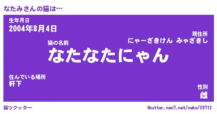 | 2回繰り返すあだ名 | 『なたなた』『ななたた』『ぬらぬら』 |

==

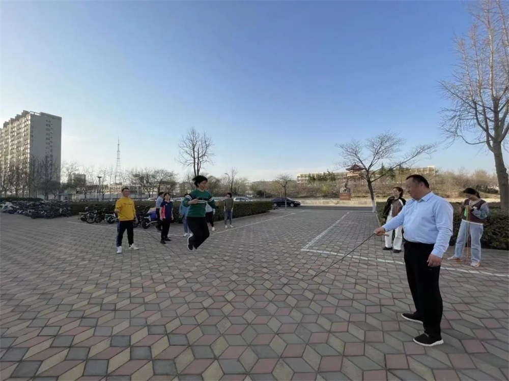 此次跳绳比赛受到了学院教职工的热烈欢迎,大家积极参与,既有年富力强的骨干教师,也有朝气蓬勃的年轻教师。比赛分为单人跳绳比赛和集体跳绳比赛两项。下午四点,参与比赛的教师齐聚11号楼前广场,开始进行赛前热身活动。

--

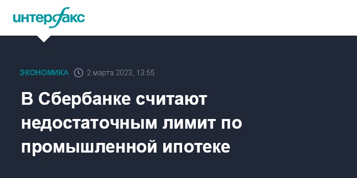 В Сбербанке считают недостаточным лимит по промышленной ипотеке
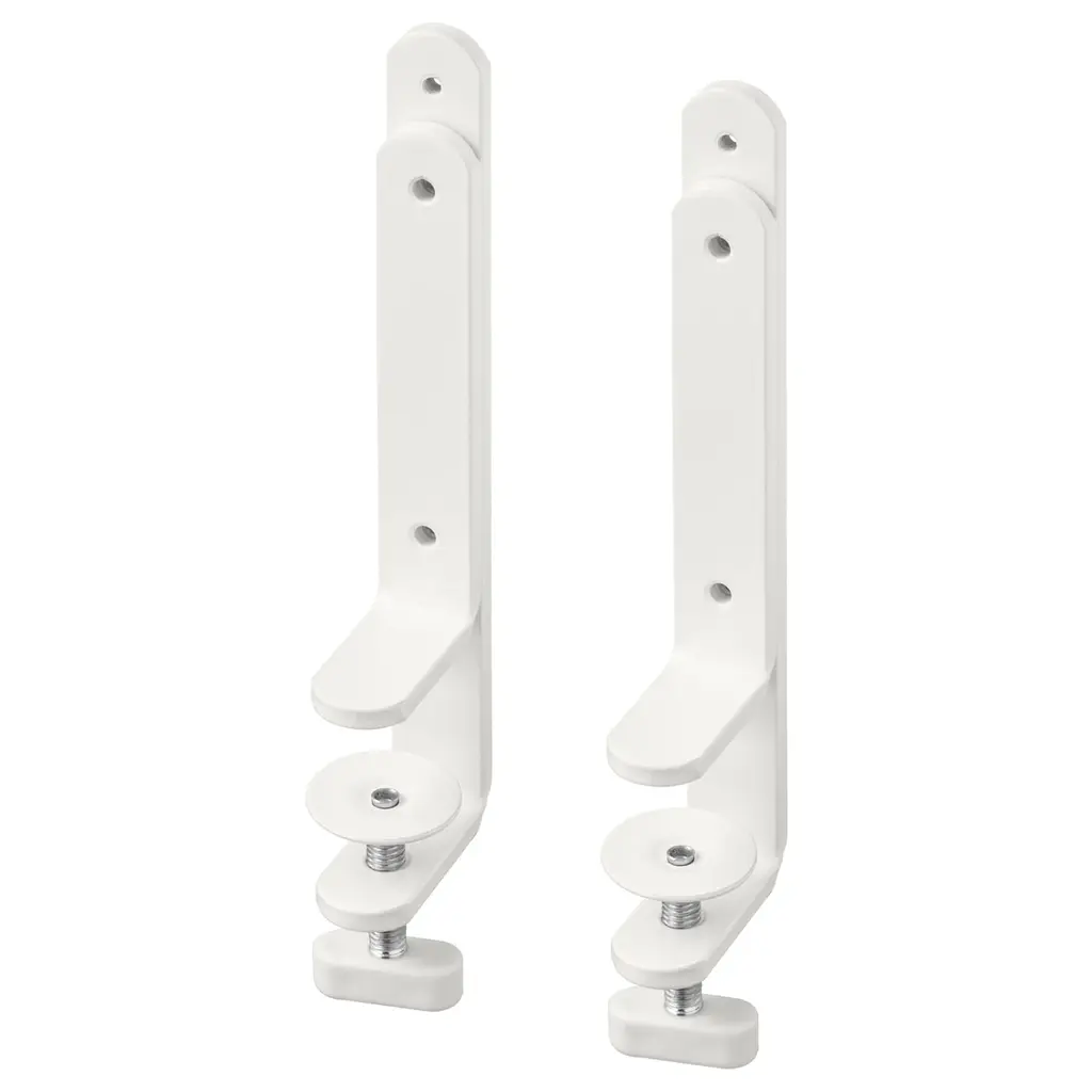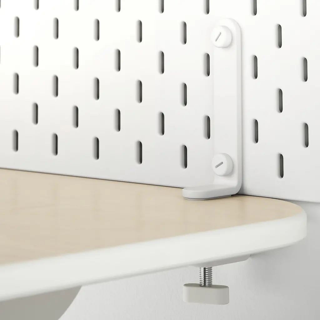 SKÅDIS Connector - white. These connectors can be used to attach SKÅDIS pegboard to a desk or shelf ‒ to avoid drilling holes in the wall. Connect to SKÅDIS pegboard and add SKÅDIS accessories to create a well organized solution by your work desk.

▶ [TASK ITEM]:
What you write out is the stretch of entries from the line containing "В Сбербанке считают" to the line containing "SKÅDIS Connector - white.", word for word, with both end lines and no pictures.

▶ [ANSWER BOX]:
 В Сбербанке считают недостаточным лимит по промышленной ипотеке
 SKÅDIS Connector - white. These connectors can be used to attach SKÅDIS pegboard to a desk or shelf ‒ to avoid drilling holes in the wall. Connect to SKÅDIS pegboard and add SKÅDIS accessories to create a well organized solution by your work desk.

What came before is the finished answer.